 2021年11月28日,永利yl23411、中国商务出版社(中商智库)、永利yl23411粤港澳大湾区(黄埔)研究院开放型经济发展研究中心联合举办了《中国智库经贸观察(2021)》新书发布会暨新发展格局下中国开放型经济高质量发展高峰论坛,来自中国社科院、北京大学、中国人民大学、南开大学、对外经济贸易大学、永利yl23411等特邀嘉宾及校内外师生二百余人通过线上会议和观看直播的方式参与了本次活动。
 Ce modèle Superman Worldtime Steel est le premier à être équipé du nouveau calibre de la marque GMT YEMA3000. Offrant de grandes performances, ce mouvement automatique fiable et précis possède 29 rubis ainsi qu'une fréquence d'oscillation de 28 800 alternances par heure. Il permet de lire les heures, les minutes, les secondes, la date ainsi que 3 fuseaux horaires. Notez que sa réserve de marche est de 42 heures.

━━━━

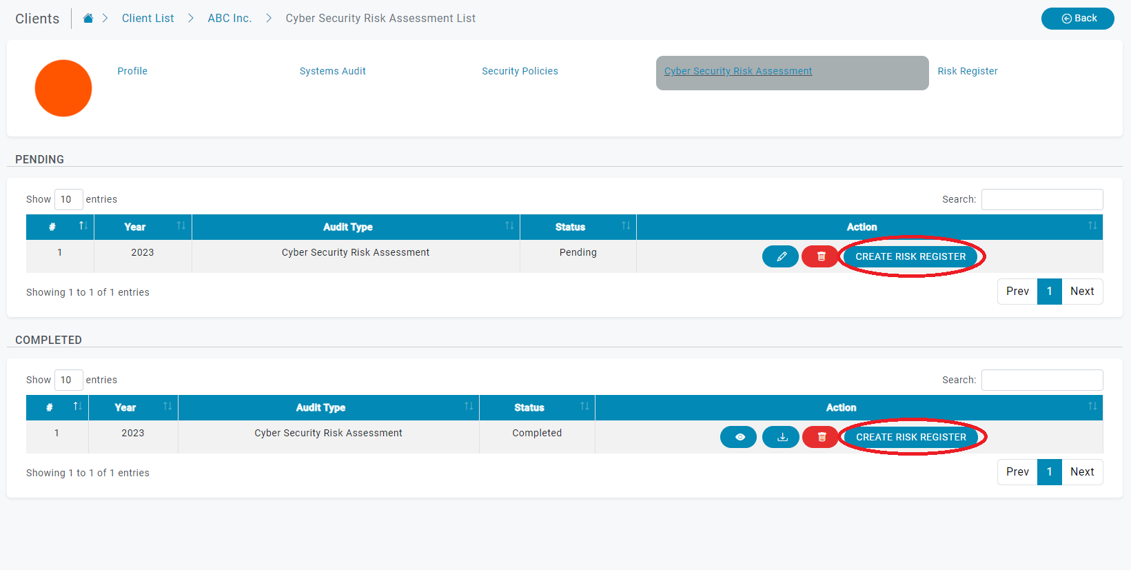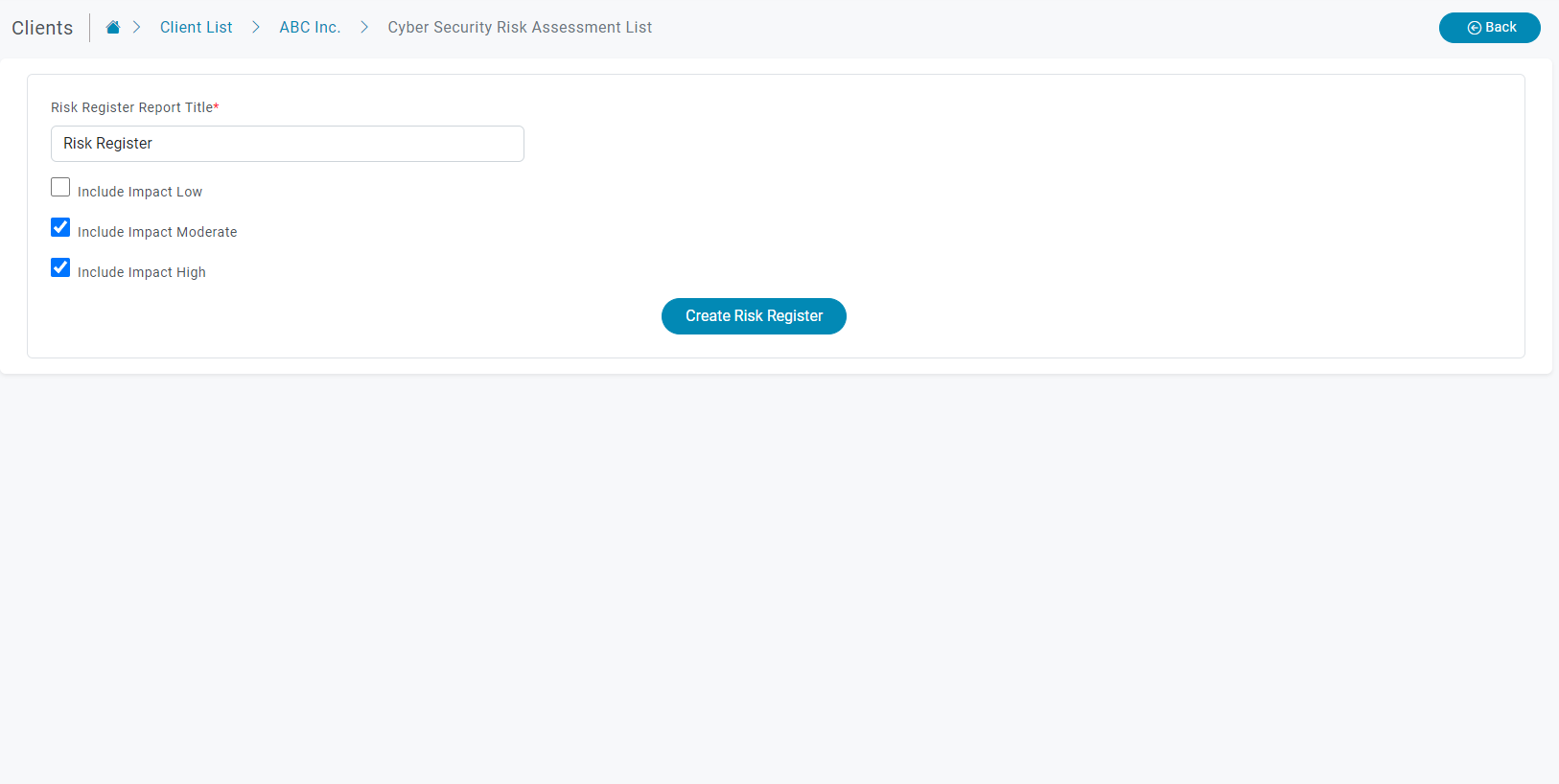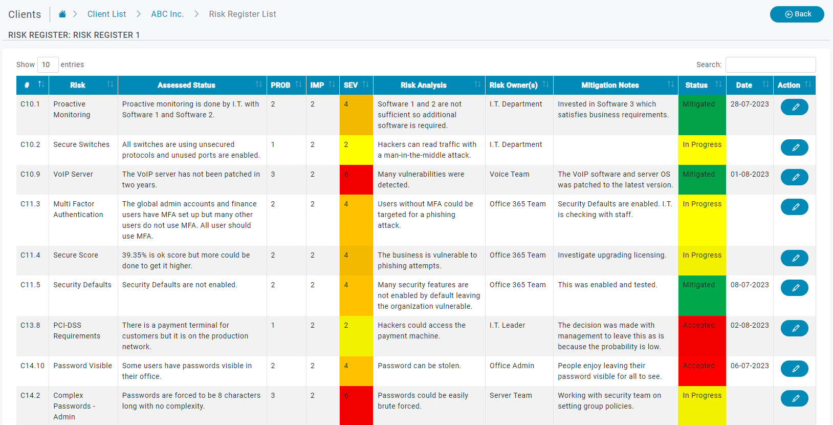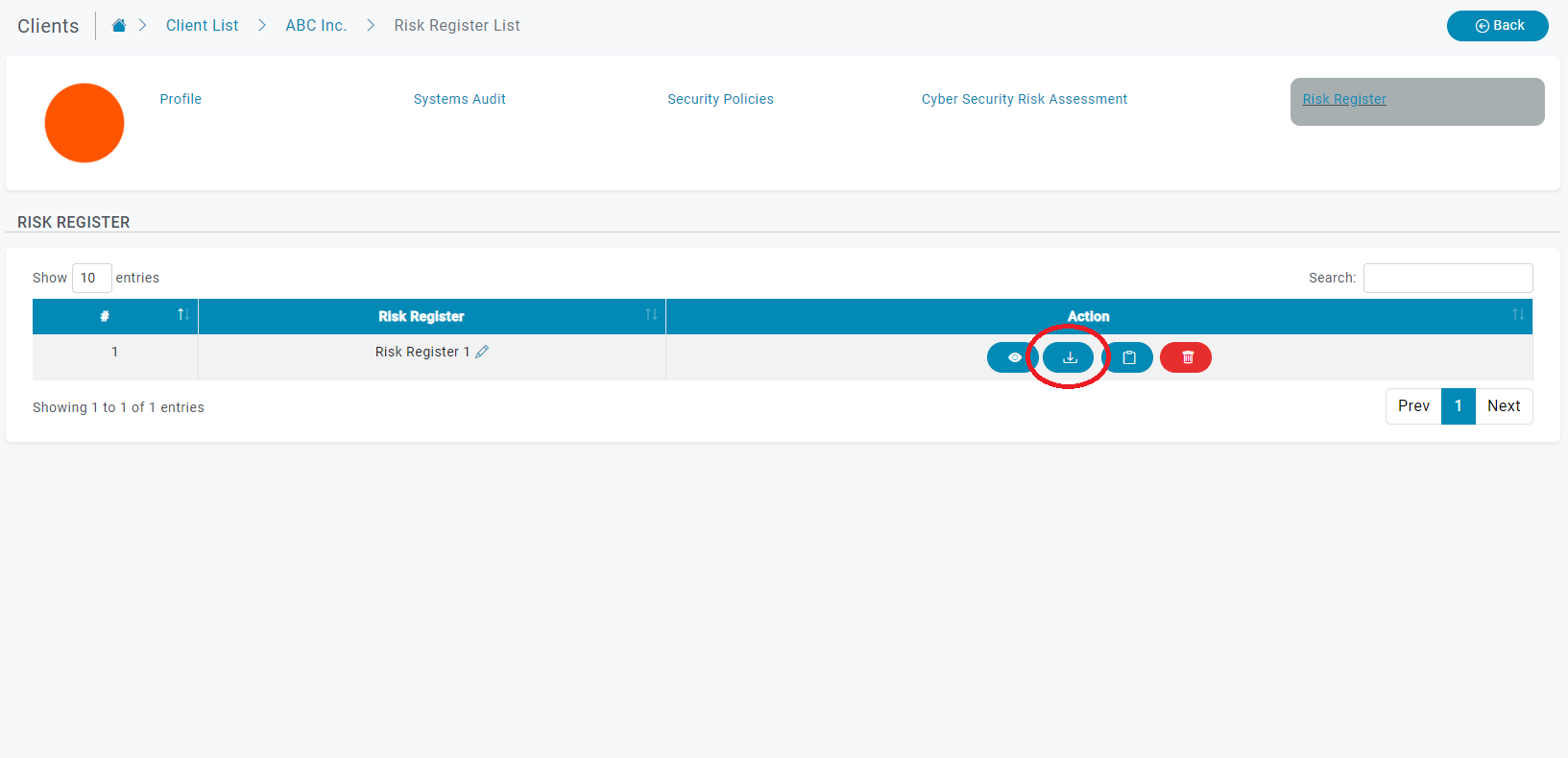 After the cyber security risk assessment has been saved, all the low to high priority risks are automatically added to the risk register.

━━━━

Beginning at the line above with "2021年11月28日,永利" and finishing at the line with "Ce modèle Superman", return each line exactly and return nothing else.

 2021年11月28日,永利yl23411、中国商务出版社(中商智库)、永利yl23411粤港澳大湾区(黄埔)研究院开放型经济发展研究中心联合举办了《中国智库经贸观察(2021)》新书发布会暨新发展格局下中国开放型经济高质量发展高峰论坛,来自中国社科院、北京大学、中国人民大学、南开大学、对外经济贸易大学、永利yl23411等特邀嘉宾及校内外师生二百余人通过线上会议和观看直播的方式参与了本次活动。
 Ce modèle Superman Worldtime Steel est le premier à être équipé du nouveau calibre de la marque GMT YEMA3000. Offrant de grandes performances, ce mouvement automatique fiable et précis possède 29 rubis ainsi qu'une fréquence d'oscillation de 28 800 alternances par heure. Il permet de lire les heures, les minutes, les secondes, la date ainsi que 3 fuseaux horaires. Notez que sa réserve de marche est de 42 heures.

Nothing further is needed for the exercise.